Mientras tanto, la gran mayoría de la población sobrevivía en una atmósfera de miedo y desconfianza. La Constitución de 1967 era letra muerta y solo servía para dar visos de legitimidad a las extralimitaciones del régimen. Tal era el caso del tristemente célebre artículo 79, por el que se decretaba un estado de sitio permanente en el que los ciudadanos eran apresados sin intervención de juez alguno.
La Ley 209 “De defensa de la paz pública y la libertad de las personas” no era sino la continuidad de esquemas intimidatorios que pretendían dar algún cariz de legalidad a lo que a todas luces eran en la mayoría de los casos flagrantes violaciones de los derechos humanos. Los críticos del autoritarismo eran reprimidos con apresamientos, torturas y el exilio. Reinaba el pensamiento único de acatamiento a la dictadura y todo cuanto fuere contrario a él era tildado de subversivo, con el correspondiente castigo.
Si bien la Constitución preservaba la libertad de prensa, su normativa no pasaba de ser letra muerta porque los diarios y las radios que publicaban lo que no era del agrado de la dictadura eran clausurados temporal o definitivamente. Sin libertades, con una educación alienante, ausencia de respuestas efectivas a los problemas sociales, una Justicia genuflexa al servicio de las injusticias y el miedo permanente en todos los ámbitos, la dictadura causó un daño inconmensurable. Sus consecuencias se observan hasta hoy.
A casi 30 años de la caída del Gobierno totalitario, donde la democracia era una palabra vacía de contenido y apenas una bandera demagógica, todavía no hubo justicia para los que fueron perseguidos y torturados en dependencias policiales y militares. Es lamentable que hasta hoy muchos de los represores policiales, militares y civiles permanezcan en la impunidad.
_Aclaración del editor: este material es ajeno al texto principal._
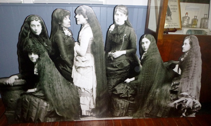 Six of Cambria's most famous residents, the Sutherland sisters, also have their display, including a large cutout of the siblings, hair tonic bottles, photos and a trunk belonging to Isabella Sutherland Castlemaine. Sarah, Victoria, Isabella, Grace, Naomi, Mary and Dora were born in Cambria between 1846 and 1864.

Ello significa complicidad de los sucesivos gobernantes con delincuentes que debieron haber estado en la cárcel purgando los atropellos a la dignidad humana que han cometido.
Es oportuno recordar el cumpleaños del Tiranosaurio –como le llamara Augusto Roa Bastos– para tomar conciencia de la necesidad de mantener viva la memoria histórica. En la medida en que se recuerden las atrocidades cometidas, es posible arbitrar las medidas para no volver a cometerlas. Y poner freno a los nostálgicos que se disfrazan de demócratas sin haber perdido el deseo de reeditar los amargos tiempos de la dictadura.